Hogan: Act on crime and corruption
More reforms needed for Baltimore police, street violence, governor says
Maryland Gov. Larry Hogan said Monday that more investigation is needed to root out Baltimore police corruption, and stressed that other reforms being considered in the General Assembly are needed to fix a larger “mess” in the city’s criminal justice system.
“It’s a tragic case,” Hogan said of revelations that officers in the Baltimore police force’s Gun Trace Task Force were acting as robbers and drug dealers. “We need to get to the bottom of all this wrongdoing and corruption in the police department.”
But Hogan, speaking during a news conference in Annapolis on Monday, did not endorse a proposal by Sen. Bill Ferguson to create a special commission to investigate further allegations that arose during the trial of two officers on the squad. Testimony during the trial suggested more officers might have been complicit.
Ferguson, a Baltimore Democrat, attached the measure to a bill that would subject the Baltimore Police Department to state legislative audits.
Mayor Catherine E. Pugh has opposed it. The mayor said a state investigation is not needed because the department already operates under a federal consent decree and Commissioner Darryl De Sousa is setting up his own independent commission.

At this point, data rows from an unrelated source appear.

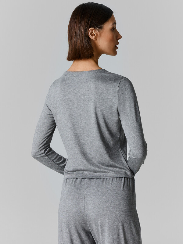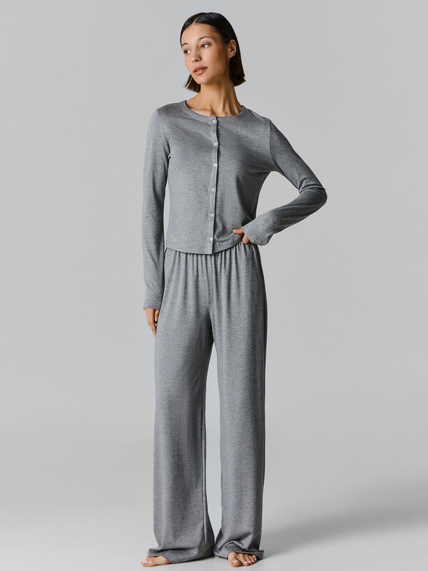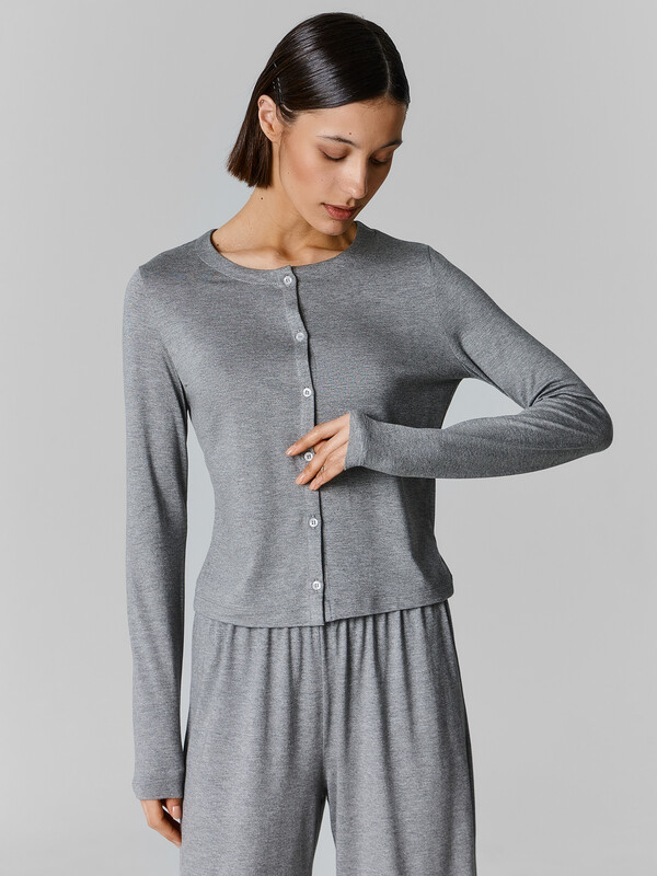 Женский домашний кардиган прилегающего силуэта из эластичной вискозы — это элегантная и универсальная модель, которая подчеркивает фигуру и дарит ощущение уюта. Округлая горловина придает образу мягкость, а длинные рукава делают кардиган подходящим для любого времени года. Центральная застежка на пуговицы с петлями добавляет классический акцент и позволяет регулировать степень открытости. Низ изделия и рукавов аккуратно обработан швом вподгибку, что придаёт модели завершенный и опрятный вид. Эластичная вискоза в составе обеспечивает мягкость, отличную посадку и приятные тактильные ощущения, а также позволяет изделию сохранять форму даже после многократных стирок. Для создания стильного и гармоничного домашнего образа рекомендуем дополнить кардиган подходящими брюками из коллекции бренда. Такой комплект станет отличным выбором для отдыха дома, уютных вечеров или расслабленных выходных.
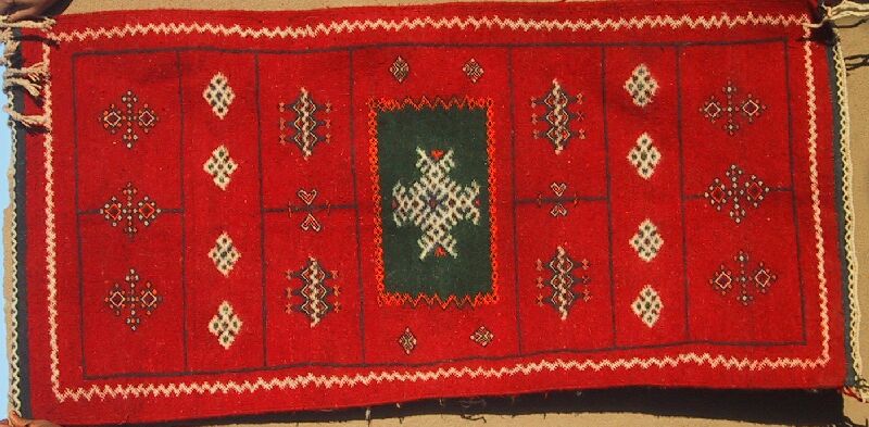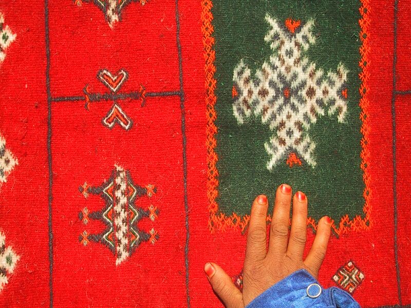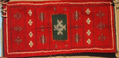 Piece 3.12812 is the one Fadma is holding above. It is a small flatweave in a rich red with designs both woven into it and embroidered on it. You can see them better in this detail. The center is green, and there are accents in white, orange and violet, with a thin line of blue at each end. It measures about 2' x 4' and costs $105. SOLD
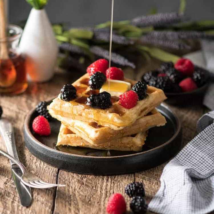 - Serve waffles with maple syrup or any other toppings that you like.
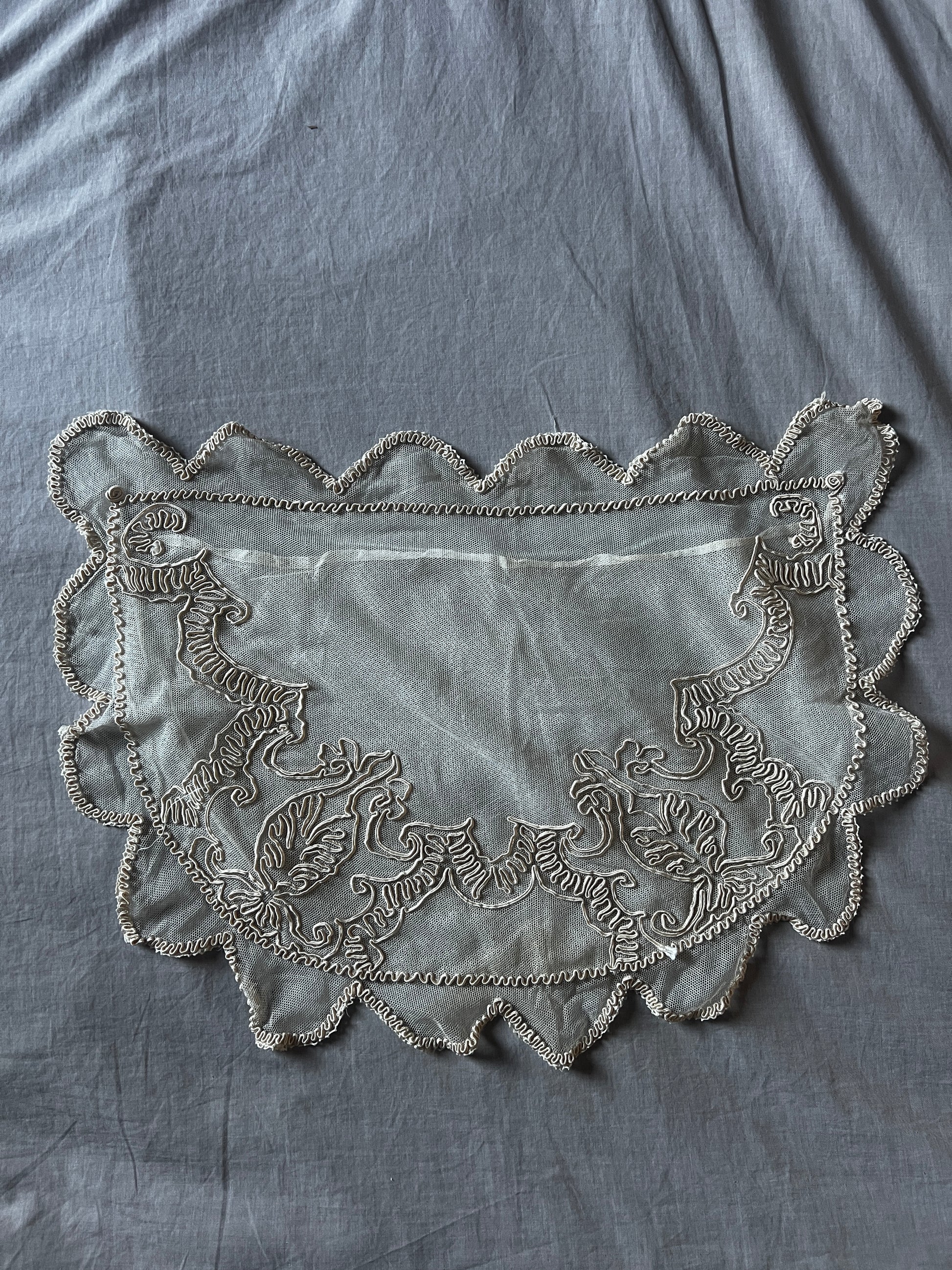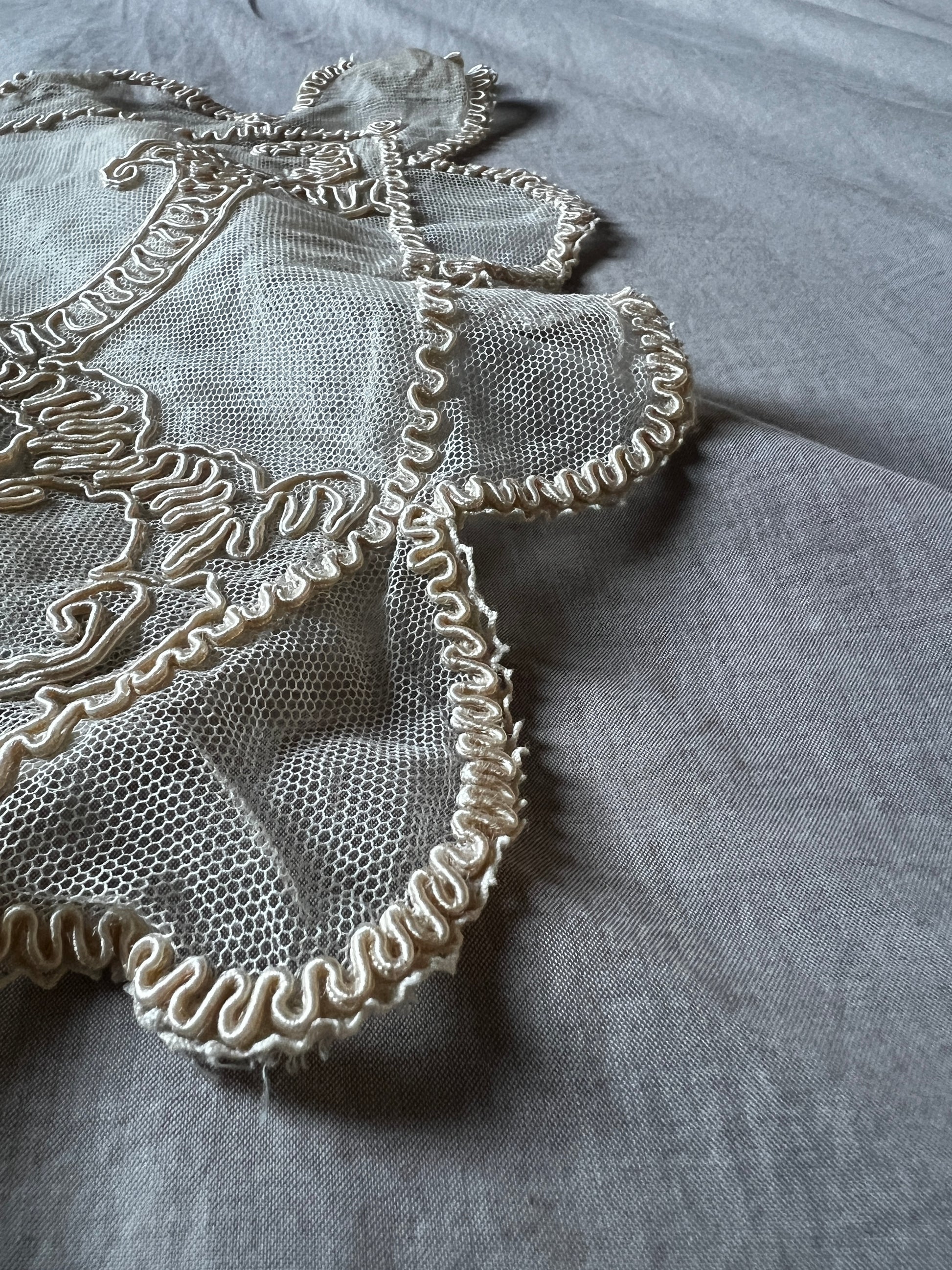繊細なチュールの透け感と、立体的なコード刺繍の表情が柔らかく調和し、置くだけで上品なアクセントに

The commission Ferguson’s bill calls for would explore how high corruption in the Baltimore Police Department may have gone and whether anyone might have turned a blind eye to the officers’ actions. The panel would be expected to produce a preliminary report by the end of 2018 and a final report at the end of 2019.
It would have the ability to call witnesses to testify and the power to compel production of written and electronic records and other documents.
“This bill is still being amended and we look forward to seeing it in its final form,” a Hogan spokeswoman, Shareese Churchill, said.
The case against the Gun Trace Task Force is among the worst corruption scandals ever to hit Baltimore’s police department. Six officers pleaded guilty to various federal crimes, including racketeering and robbery, some helping federal prosecutors secure guilty verdicts against the two officers who went to trial.
The commission would be tasked with going beyond the scope of the federal case, looking into which supervisors knew what and when they knew it. It would investigate “oversight and supervision of the GTTFand its members by the Baltimore City Police Department, including but not limited to direct and indirect supervision and internal affairs complaints or investigations” and “any knowledge that the Baltimore City Police Department (or any employee thereof ) possessed about the actions or inactions of the GTTF,” according to the bill.
Separately, Hogan urged the House of Delegates on Monday to pass a crime bill already approved by the state Senate.
“We cannot afford to stand by while people are being shot and killed on our streets,” Hogan said.
The House is scheduled to hear the crime bill today. The General Assembly’s 90-day session ends April 9.